Saturday night made me remember all the reasons why I love to be a New Yorker. This is a town like no other, and this particular night proved why being born and raised here is still something to be proud of.

Citi Field, a perfect summer evening and a unique sort of show that could only be dreamed up in the city that never sleeps. We went thinking this would be a fun sort of evening, a little barbeque tailgating with great friends and $10 tickets to see a movie about the Billy Joel concert that closed Shea. What could be bad about that? Little did we know what a gem of a film we were about to see.

I will not claim to be either an avid Mets or Billy Joel fan but I will tell you that this film made me realize what a huge part they both played in my coming of age.
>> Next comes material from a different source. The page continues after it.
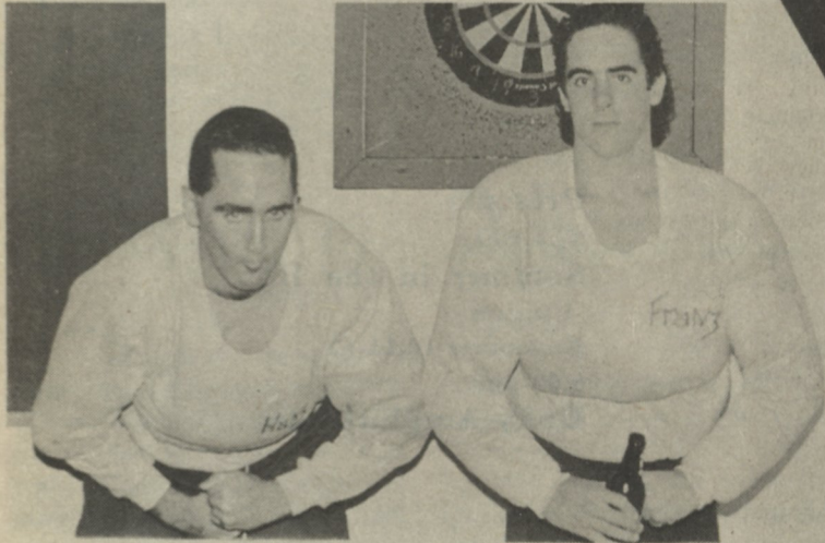
Hanz und Franz: we're here to pump you up with our new beer-enriched diet!

Shea Stadium was that big ugly building that let me know we were almost home after a long road trip as a child. A place where my parents took us to see our first baseball game. Billy Joel’s music played as the backdrop to my adolescence. All the milestones of growing up were marked by the history that this film so elegantly illustrated. Sports, music, joys and sorrows that New Yorkers have endured through the 40+ year history of a man’s career and the stories of a Stadium and a team.

1965. The Beatles played Shea. I was 6. Do I actually remember it on TV in my house or is that memory of the retelling? Hard to say.

1969. All I could think of was kids listening to that game on transistor radios walking home from school with friends.

1986. Game 6, we were painting my friends kitchen in her new house and screaming at the game.

2001. September 21st. I still get chills at the thought of a New York still numb in a post-9/11 stupor; grieving as one family at the horror we had witnessed, as Piazza hit that 2-run homer that felt like hope. Maybe there was a chance we could think of living again.

And woven in between the stories of Billy Joel’s career were stories of the lives of Shea like Pete Flynn, the groundskeeper who not only drove The Beatles to the stage in a Cadillac in 1965, but then drove Paul McCartney to the stage again to close the Billy Joel concert that last night. And of course Billy, who stood humbled on the stage, in awe of being chosen to close that icon of a stadium that he too had grown up with. As he said, ‘Hey, I haven’t put out a new body of music in almost 15 years and this place is filled tonight. Thank you all.”

What a night. The world’s biggest drive in filled with the world’s greatest fans. And they cheered, and teared up. And breathed a collective sigh of appreciation at the end for a beautiful night out in NY. Nothing fancy. Nothing expensive. Just deliciously nostalgic and inspiring in its spirit of hopefulness.

As Paul McCartney ended the show with Let it Be, it was hard to think of anything else more to say.